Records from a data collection
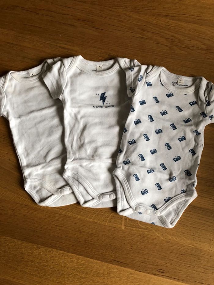 Lot de 3 bodies manches courtes Taille 3 mois légèrement tachés au niveau du cou pour le tout blanc.
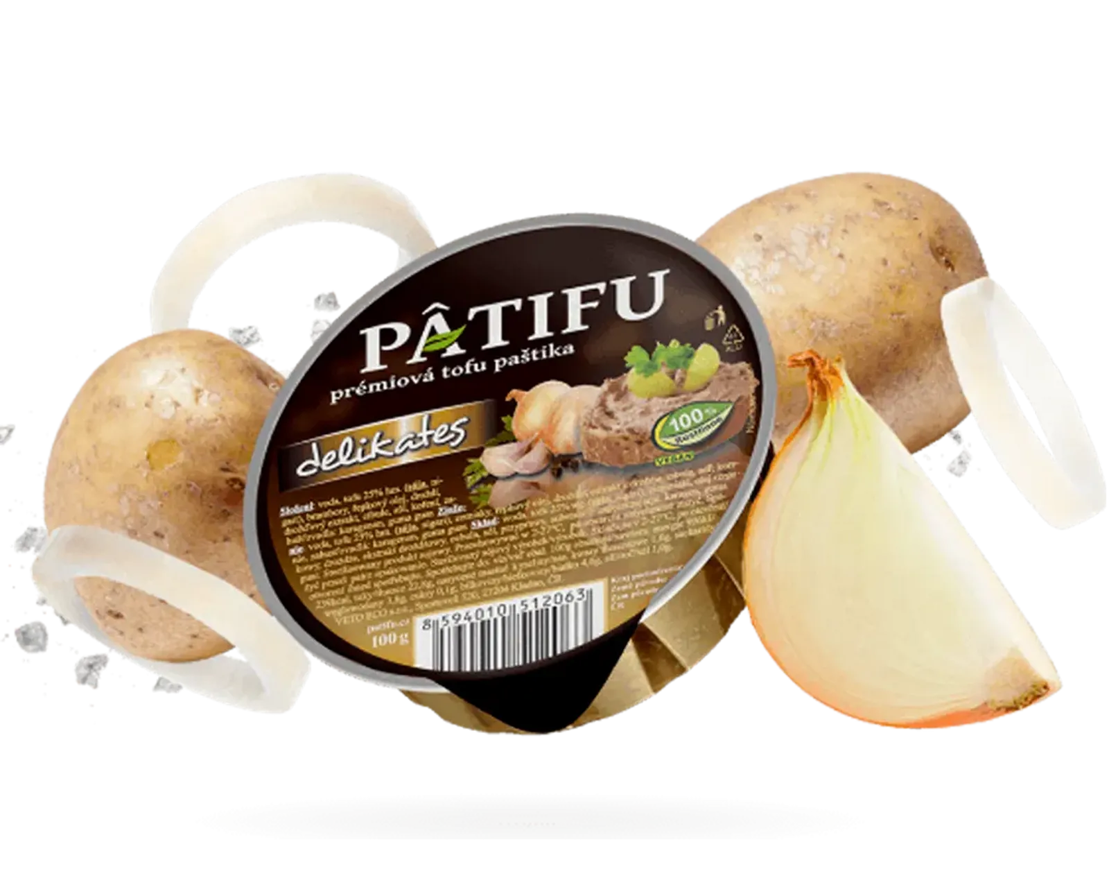 PATIFU paštika se z 1/4 skládá z tofu, které si společnost Veto sama vyrábí a ještě za čerstva přidává do pomazánek.
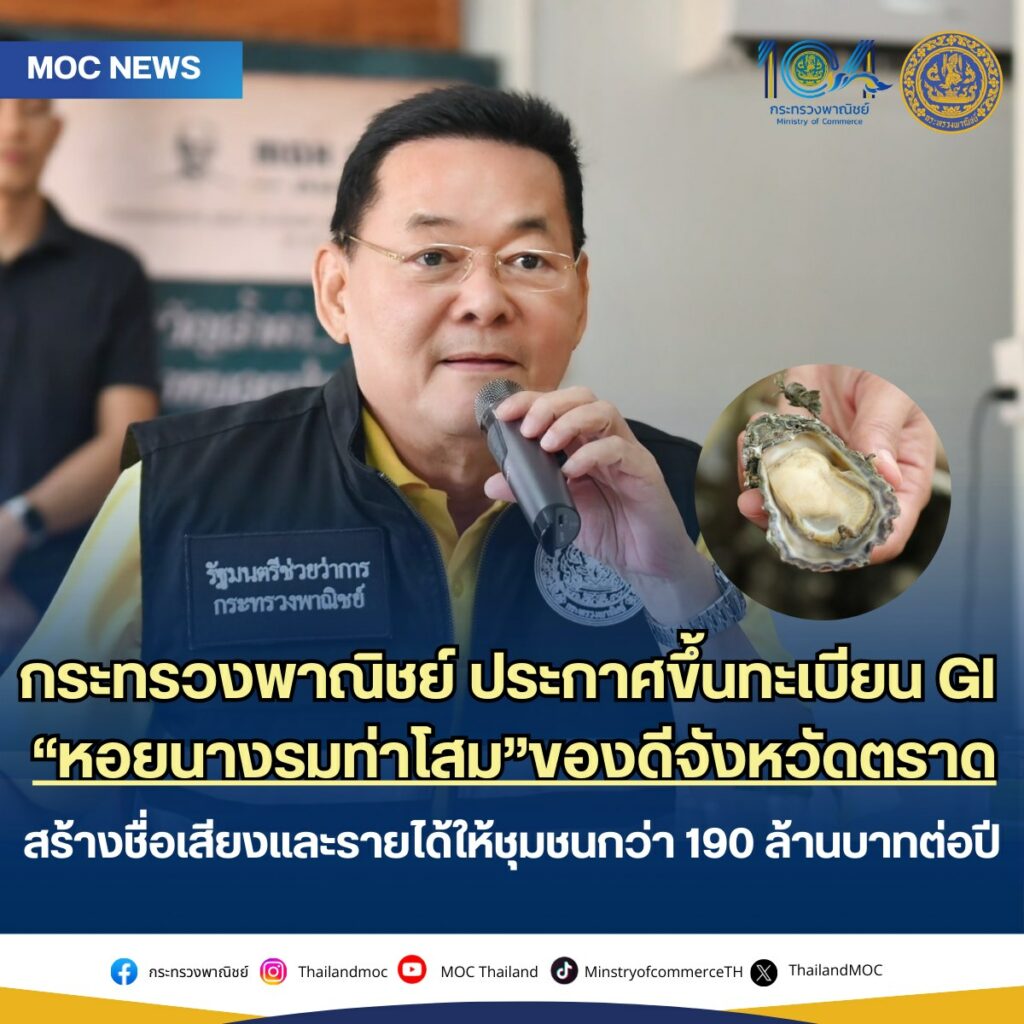 กระทรวงพาณิชย์ ประกาศขึ้นทะเบียน “หอยนางรมท่าโสม” เป็นสินค้าสิ่งบ่งชี้ทางภูมิศาสตร์ (GI) ลำดับที่ 4 ของจังหวัดตราด
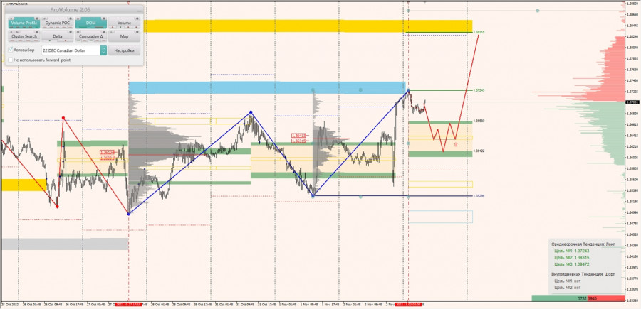 Среднесрочная тенденция: в шорт. Максимальное скопление объемов среднесрочной тенденции расположено в диапазоне по котировкам 1.37152-1.37259. В настоящий момент по паре совершаются инвестиционные операции ниже, указывая на силу продавцов. Объемы последнего импульса по котировкам 1.35550-1.35673, и в настоящий момент пара торгуется выше, что указывает на слабость покупателей.
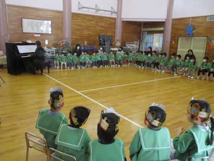 お楽しみコーナーでは、ピアノの演奏を聴きました。知っている曲だと分かると歌詞を口ずさんだり、ニコニコと体を揺らしたりしながら楽しんでいる姿が見られました。長く連なった楽譜、たくさんの指を動かして弾いておられるのを間近で見ていた子供たち。また「ピアノを弾いているときが楽しいです」と、演奏してくださった方が言われた言葉から、様々なことを感じてくれたら、と願っています。
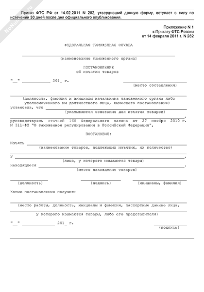 - Источник– Приказ ФТС РФ от 14.02.2011 № 282
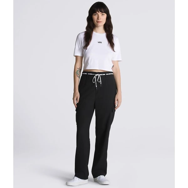 The Flying V Crop Crew Sport Tee is a heavy cotton jersey crewneck t-shirt featuring classic front logo graphics.
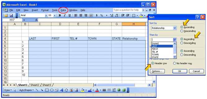 On the "DATA" scroll down menu, choose "SORT". A
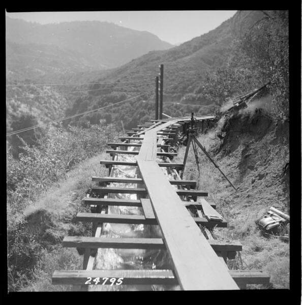 Kaweah #1 - Kaweah #1 Flume - View of old flume under full flow. Looking upstream at approximate Sta. 90-90. .
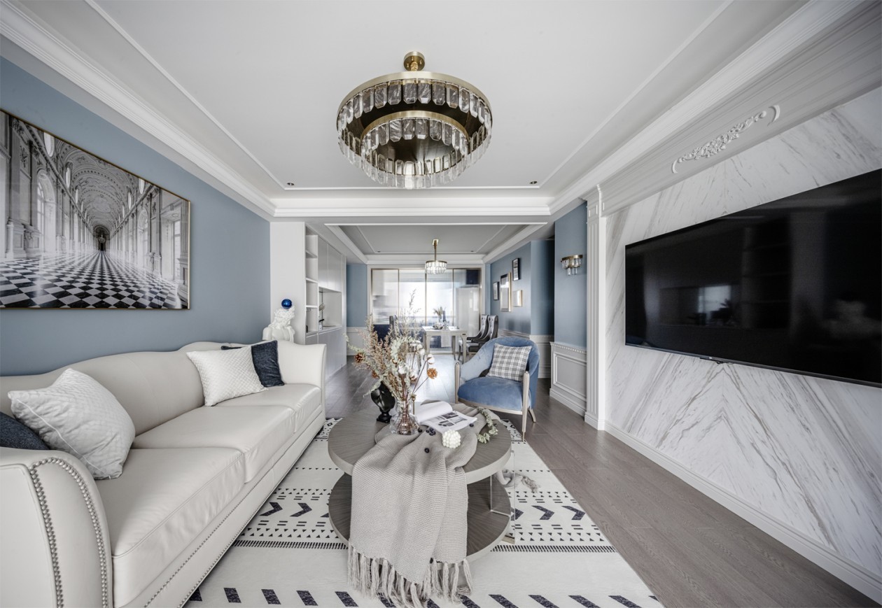 浅薰衣草色打底的素色纹理给人知性、优雅的一面,简简单单的装饰性用于区别空间层次以及创造色彩自然过渡的情景,这种毫不设防地、不具任何攻击力的色彩搭配,有种温柔阳光穿透树梢般的梦幻感觉。
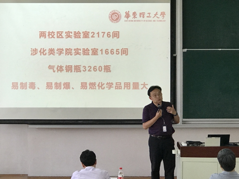 首先,徐宏勇作题为“建立安全文化 唤起安全意识”的讲座,以“一流大学需要一流的EHS管理”为主题,介绍了公司实验室安全的基本情况,从危害识别、风险评估、减少风险、预防工作四个角度为切入点,结合近几年高校发生的实验室安全事故案例,对实验室常见的钢瓶管理、危险化学药品管理、通风橱的使用、实验室废液的处理、个人安全防护等进行了生动详细讲解。
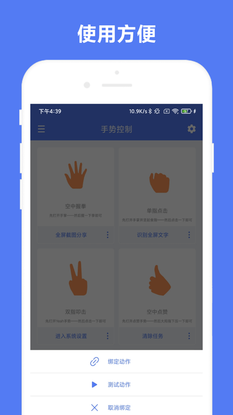 通过绑定手势后可以让用户操作手机上的各种APP都能更加的快捷方便
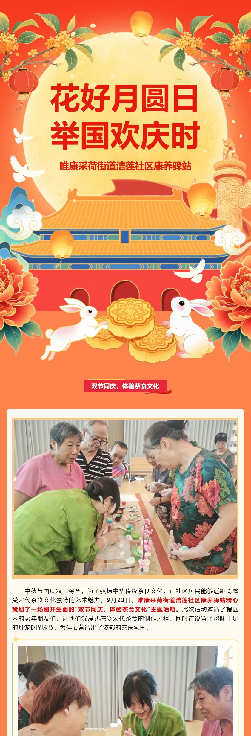 【唯康采荷街道洁莲社区康养驿站】“双节同庆,体验茶食文化”共度团圆盛宴主题活动
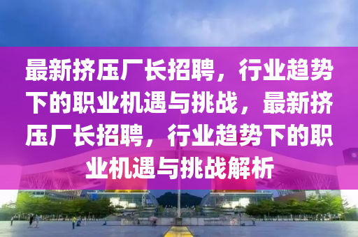 隨著科技的進步和工業(yè)領(lǐng)域的持續(xù)發(fā)展,擠壓廠長這一職業(yè)逐漸受到廣泛關(guān)注,隨著行業(yè)內(nèi)各大企業(yè)的擴張和轉(zhuǎn)型升級,擠壓廠長招聘成為熱點話題,本文將結(jié)合當前行業(yè)趨勢,以新聞報道的視角對擠壓廠長招聘進行深入剖析,并融入自己的觀點和見解。
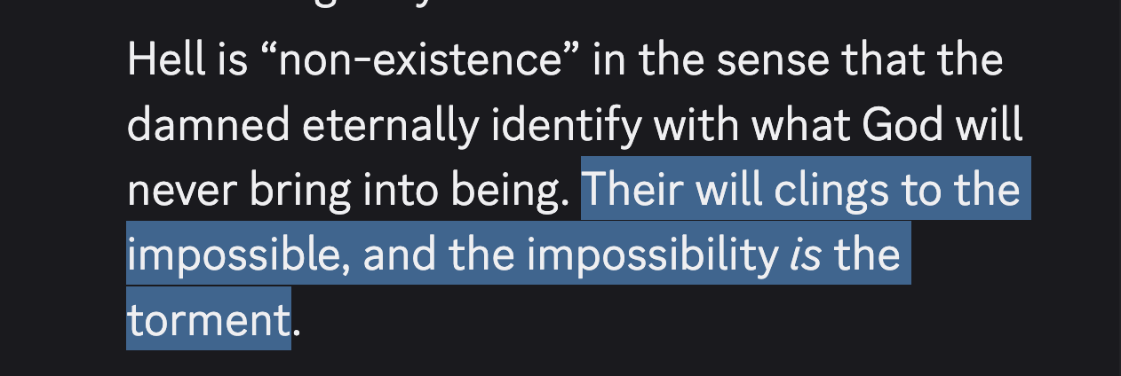 I now understand what they mean when they say “the gates of hell are locked from the inside”. A loving god does NOT put you there and choose to torture you. Sᴜɴʀɪsᴇ Oᴀᴛʜ, who is my go-to for Christian metaphysics/theology, explains it as “the state in which your will continually tries to actualize, but never does”:
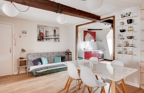 Our accommodation is located in a beautiful historic building in stone and timbered in the heart of the pedestrian streets of the city center (Rue Mirebeau). The apartment has a large living room open to the kitchen, bright and crossed by long beams.

TASK INSTRUCTIONS: Nothing but the lines from the start of the records above through the line with "ลำดับที่ 4 ของจังหวัดตราด" should be retyped, each exactly as written; leave out all pictures.

WRITTEN SOLUTION:
 Lot de 3 bodies manches courtes Taille 3 mois légèrement tachés au niveau du cou pour le tout blanc.
 PATIFU paštika se z 1/4 skládá z tofu, které si společnost Veto sama vyrábí a ještě za čerstva přidává do pomazánek.
 กระทรวงพาณิชย์ ประกาศขึ้นทะเบียน “หอยนางรมท่าโสม” เป็นสินค้าสิ่งบ่งชี้ทางภูมิศาสตร์ (GI) ลำดับที่ 4 ของจังหวัดตราด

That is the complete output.